*** Dataset records Section Begins ***

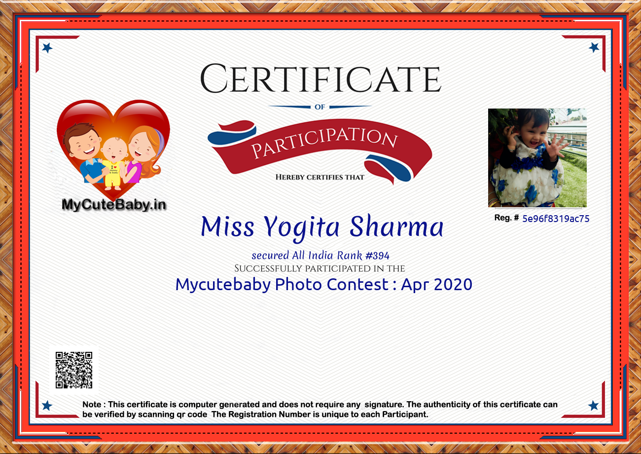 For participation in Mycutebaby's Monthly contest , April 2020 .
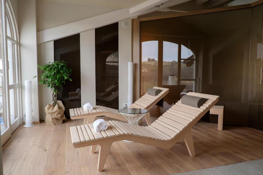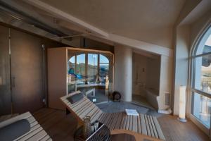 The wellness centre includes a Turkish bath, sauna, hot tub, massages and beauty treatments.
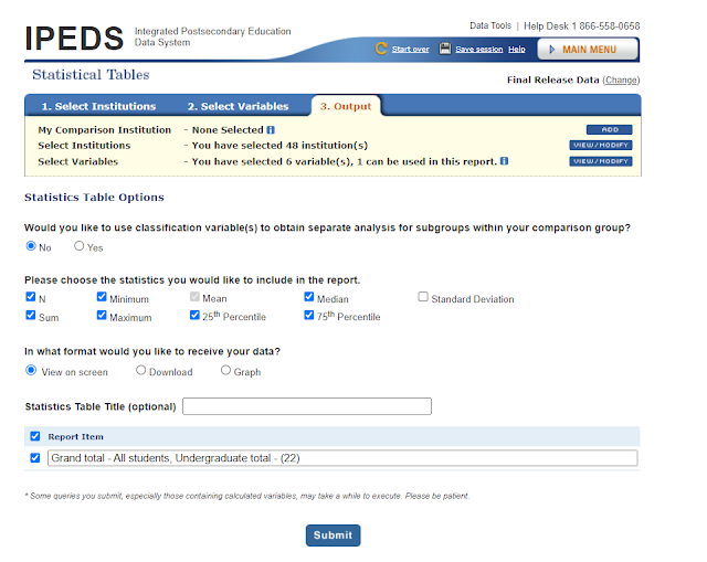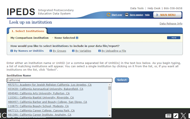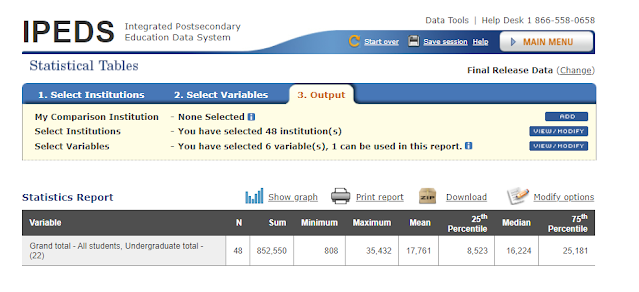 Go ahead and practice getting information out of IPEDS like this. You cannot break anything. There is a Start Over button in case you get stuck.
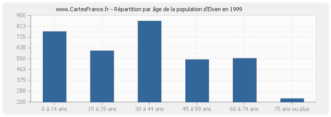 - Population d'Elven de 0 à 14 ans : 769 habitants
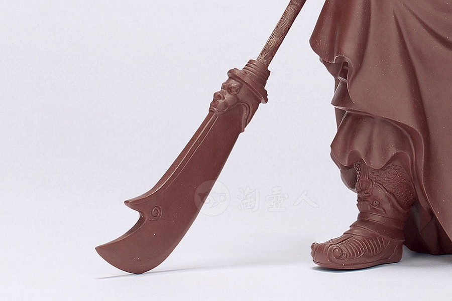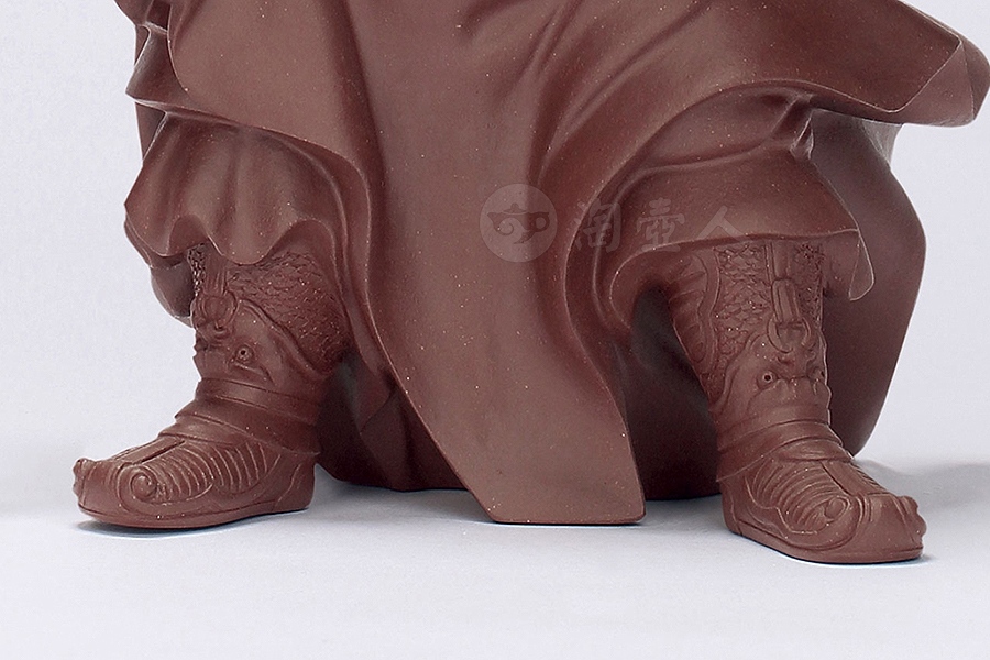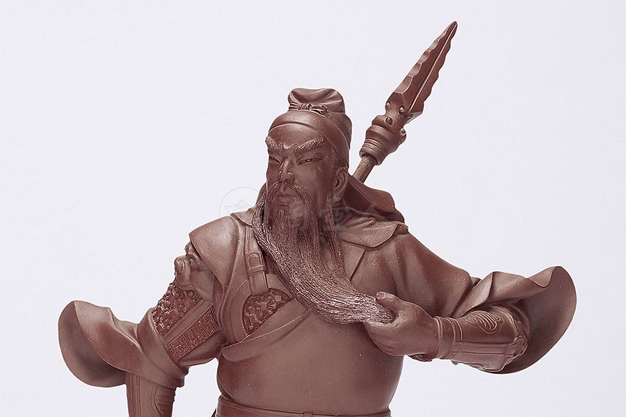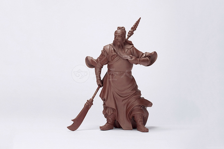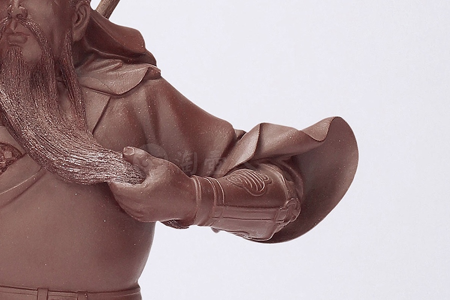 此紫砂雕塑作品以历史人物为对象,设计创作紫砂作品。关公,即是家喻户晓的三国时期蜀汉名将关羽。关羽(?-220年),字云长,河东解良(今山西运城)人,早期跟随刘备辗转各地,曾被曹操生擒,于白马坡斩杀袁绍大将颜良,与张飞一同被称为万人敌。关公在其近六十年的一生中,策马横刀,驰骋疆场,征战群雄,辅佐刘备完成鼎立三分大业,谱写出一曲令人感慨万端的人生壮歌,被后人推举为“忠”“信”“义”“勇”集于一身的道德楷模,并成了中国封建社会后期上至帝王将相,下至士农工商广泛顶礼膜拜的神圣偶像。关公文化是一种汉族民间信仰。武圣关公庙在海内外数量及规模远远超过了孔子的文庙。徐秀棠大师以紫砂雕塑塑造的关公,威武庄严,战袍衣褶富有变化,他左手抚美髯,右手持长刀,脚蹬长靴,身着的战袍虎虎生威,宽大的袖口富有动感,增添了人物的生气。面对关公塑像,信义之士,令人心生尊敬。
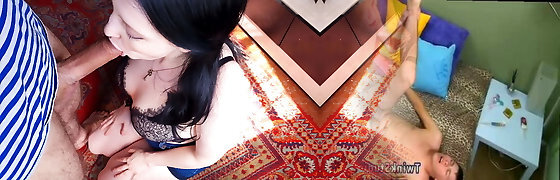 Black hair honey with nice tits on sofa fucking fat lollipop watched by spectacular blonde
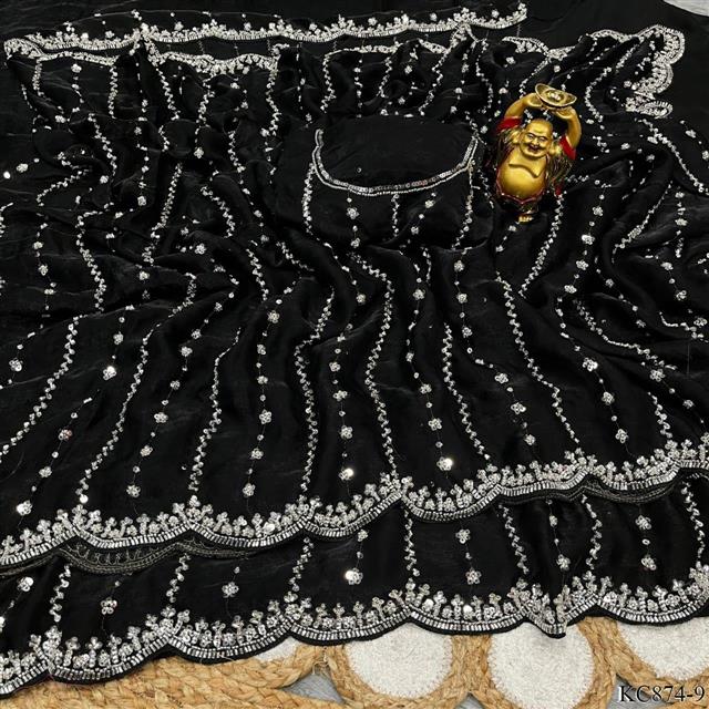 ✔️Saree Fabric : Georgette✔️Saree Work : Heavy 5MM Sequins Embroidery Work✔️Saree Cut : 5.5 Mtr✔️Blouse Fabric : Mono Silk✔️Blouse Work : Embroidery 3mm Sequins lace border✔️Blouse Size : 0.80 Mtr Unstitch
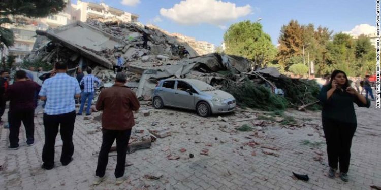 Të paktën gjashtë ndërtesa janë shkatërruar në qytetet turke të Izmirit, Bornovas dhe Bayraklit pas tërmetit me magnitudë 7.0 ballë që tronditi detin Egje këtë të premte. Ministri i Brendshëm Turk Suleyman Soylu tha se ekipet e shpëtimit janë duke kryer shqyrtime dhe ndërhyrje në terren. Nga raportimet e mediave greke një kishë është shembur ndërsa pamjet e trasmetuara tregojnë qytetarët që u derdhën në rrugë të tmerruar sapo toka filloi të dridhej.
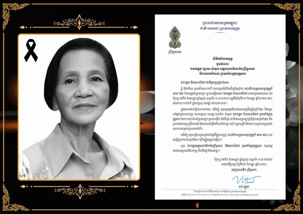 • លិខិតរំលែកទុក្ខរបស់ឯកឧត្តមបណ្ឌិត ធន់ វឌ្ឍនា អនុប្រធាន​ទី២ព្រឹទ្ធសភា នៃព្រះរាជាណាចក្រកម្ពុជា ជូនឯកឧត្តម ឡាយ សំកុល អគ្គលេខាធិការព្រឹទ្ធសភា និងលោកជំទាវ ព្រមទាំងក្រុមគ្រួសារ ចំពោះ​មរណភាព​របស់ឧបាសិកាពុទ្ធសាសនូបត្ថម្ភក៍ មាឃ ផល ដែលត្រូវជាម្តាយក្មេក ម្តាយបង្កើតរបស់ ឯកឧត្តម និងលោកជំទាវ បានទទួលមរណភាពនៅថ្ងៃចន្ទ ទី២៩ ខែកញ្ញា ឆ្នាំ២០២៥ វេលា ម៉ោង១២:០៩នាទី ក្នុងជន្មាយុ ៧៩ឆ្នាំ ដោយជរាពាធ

*** Dataset records Section Ends ***
*** Dataset records Section Begins ***

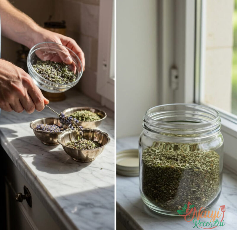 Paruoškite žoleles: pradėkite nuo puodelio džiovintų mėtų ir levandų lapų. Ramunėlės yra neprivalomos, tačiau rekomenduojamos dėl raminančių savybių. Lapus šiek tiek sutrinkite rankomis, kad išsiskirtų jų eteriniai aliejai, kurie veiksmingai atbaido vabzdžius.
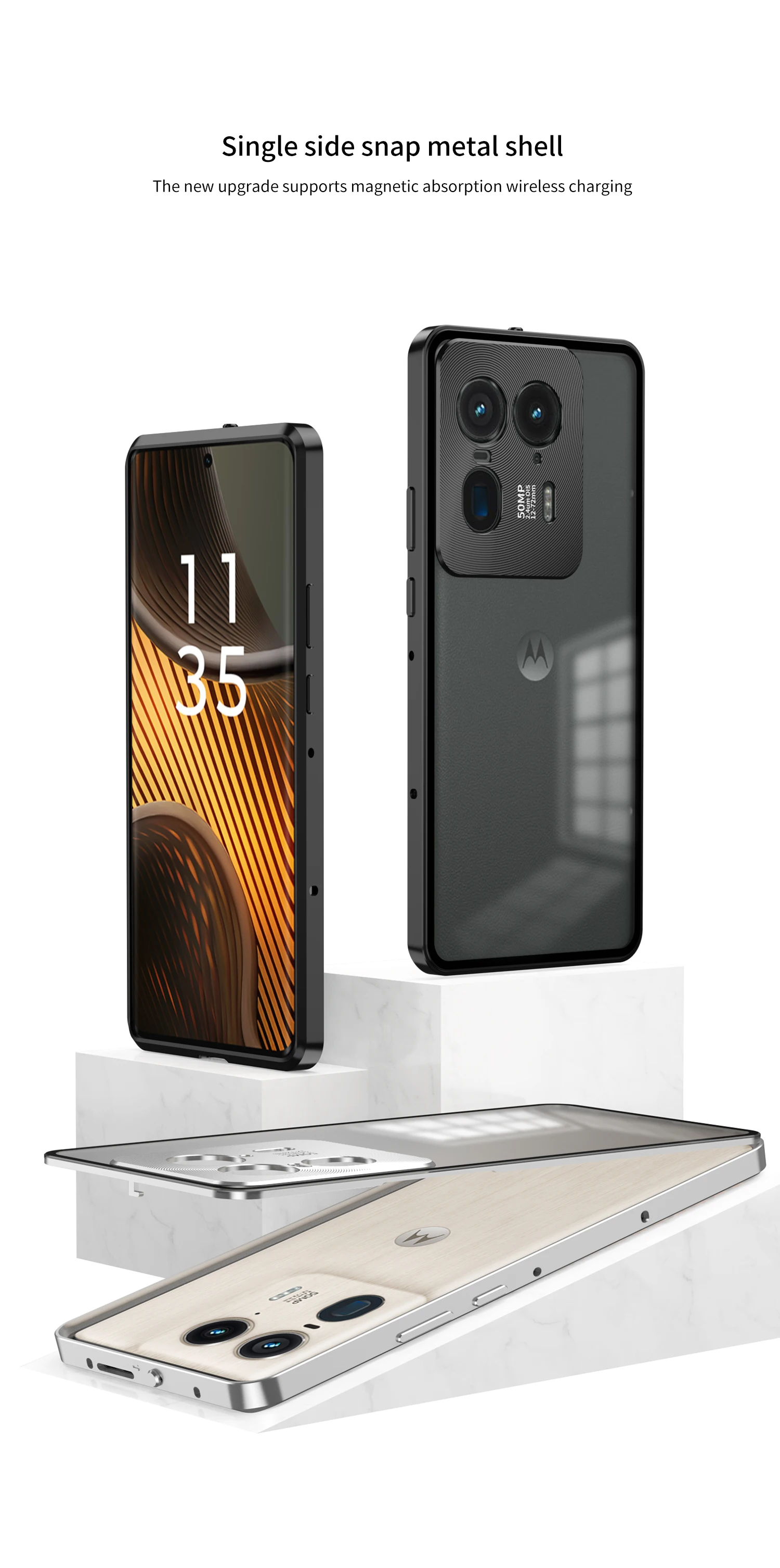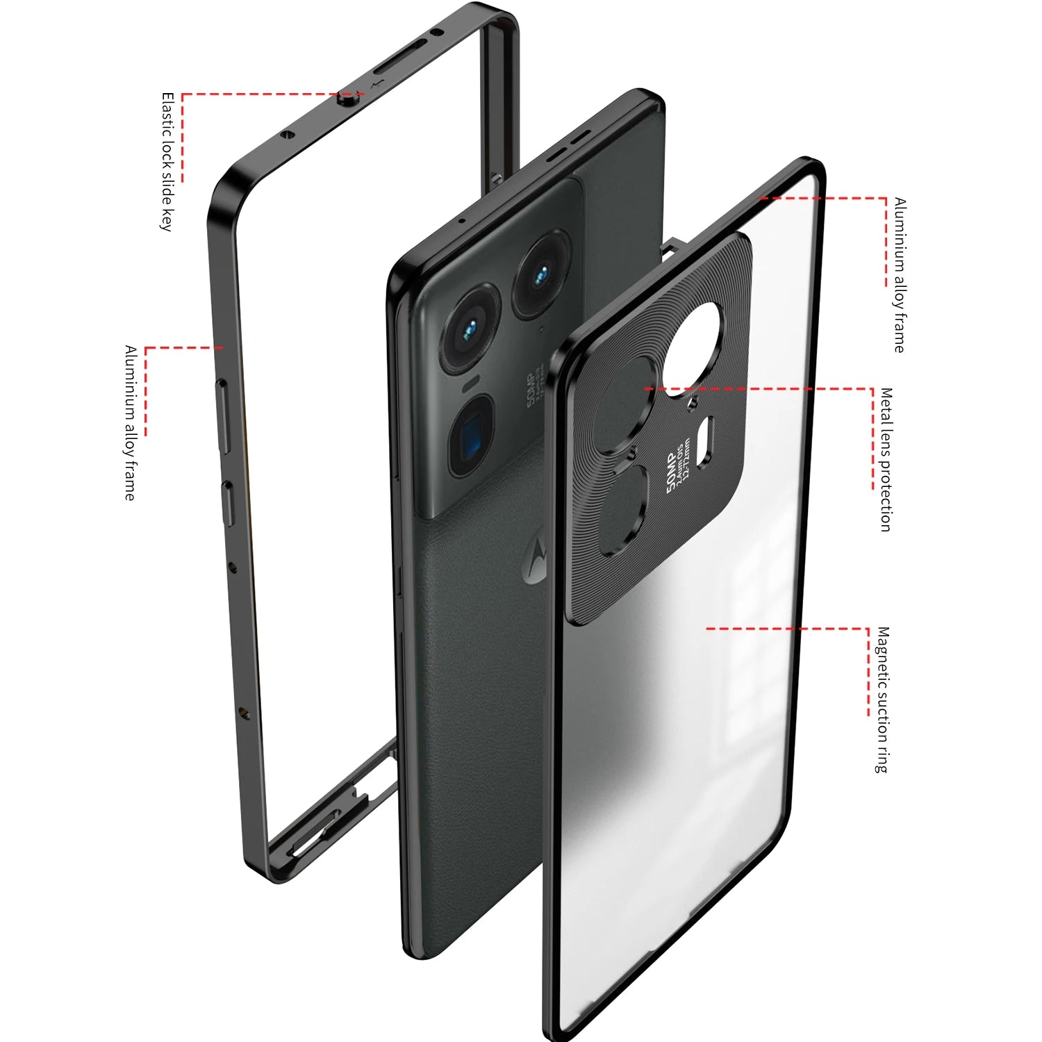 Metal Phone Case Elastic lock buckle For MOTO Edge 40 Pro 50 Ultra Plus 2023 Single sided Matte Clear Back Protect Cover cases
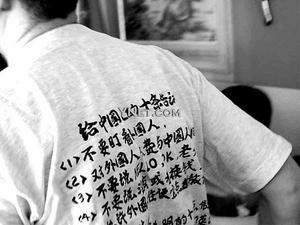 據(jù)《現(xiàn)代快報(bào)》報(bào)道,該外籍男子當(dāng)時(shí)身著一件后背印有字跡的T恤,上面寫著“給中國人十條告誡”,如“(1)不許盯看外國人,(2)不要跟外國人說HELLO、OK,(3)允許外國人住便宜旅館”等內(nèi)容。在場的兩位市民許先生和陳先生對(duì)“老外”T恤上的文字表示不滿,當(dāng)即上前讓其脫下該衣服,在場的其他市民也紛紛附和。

*** Dataset records Section Ends ***

Exercise description: Above are some records. Reproduce the lines from the one with "For participation in" down to the one with "0.80 Mtr Unstitch", keeping both, and leave every picture out.

Your solution:
 For participation in Mycutebaby's Monthly contest , April 2020 .
 The wellness centre includes a Turkish bath, sauna, hot tub, massages and beauty treatments.
 Go ahead and practice getting information out of IPEDS like this. You cannot break anything. There is a Start Over button in case you get stuck.
 - Population d'Elven de 0 à 14 ans : 769 habitants
 此紫砂雕塑作品以历史人物为对象,设计创作紫砂作品。关公,即是家喻户晓的三国时期蜀汉名将关羽。关羽(?-220年),字云长,河东解良(今山西运城)人,早期跟随刘备辗转各地,曾被曹操生擒,于白马坡斩杀袁绍大将颜良,与张飞一同被称为万人敌。关公在其近六十年的一生中,策马横刀,驰骋疆场,征战群雄,辅佐刘备完成鼎立三分大业,谱写出一曲令人感慨万端的人生壮歌,被后人推举为“忠”“信”“义”“勇”集于一身的道德楷模,并成了中国封建社会后期上至帝王将相,下至士农工商广泛顶礼膜拜的神圣偶像。关公文化是一种汉族民间信仰。武圣关公庙在海内外数量及规模远远超过了孔子的文庙。徐秀棠大师以紫砂雕塑塑造的关公,威武庄严,战袍衣褶富有变化,他左手抚美髯,右手持长刀,脚蹬长靴,身着的战袍虎虎生威,宽大的袖口富有动感,增添了人物的生气。面对关公塑像,信义之士,令人心生尊敬。
 Black hair honey with nice tits on sofa fucking fat lollipop watched by spectacular blonde
 ✔️Saree Fabric : Georgette✔️Saree Work : Heavy 5MM Sequins Embroidery Work✔️Saree Cut : 5.5 Mtr✔️Blouse Fabric : Mono Silk✔️Blouse Work : Embroidery 3mm Sequins lace border✔️Blouse Size : 0.80 Mtr Unstitch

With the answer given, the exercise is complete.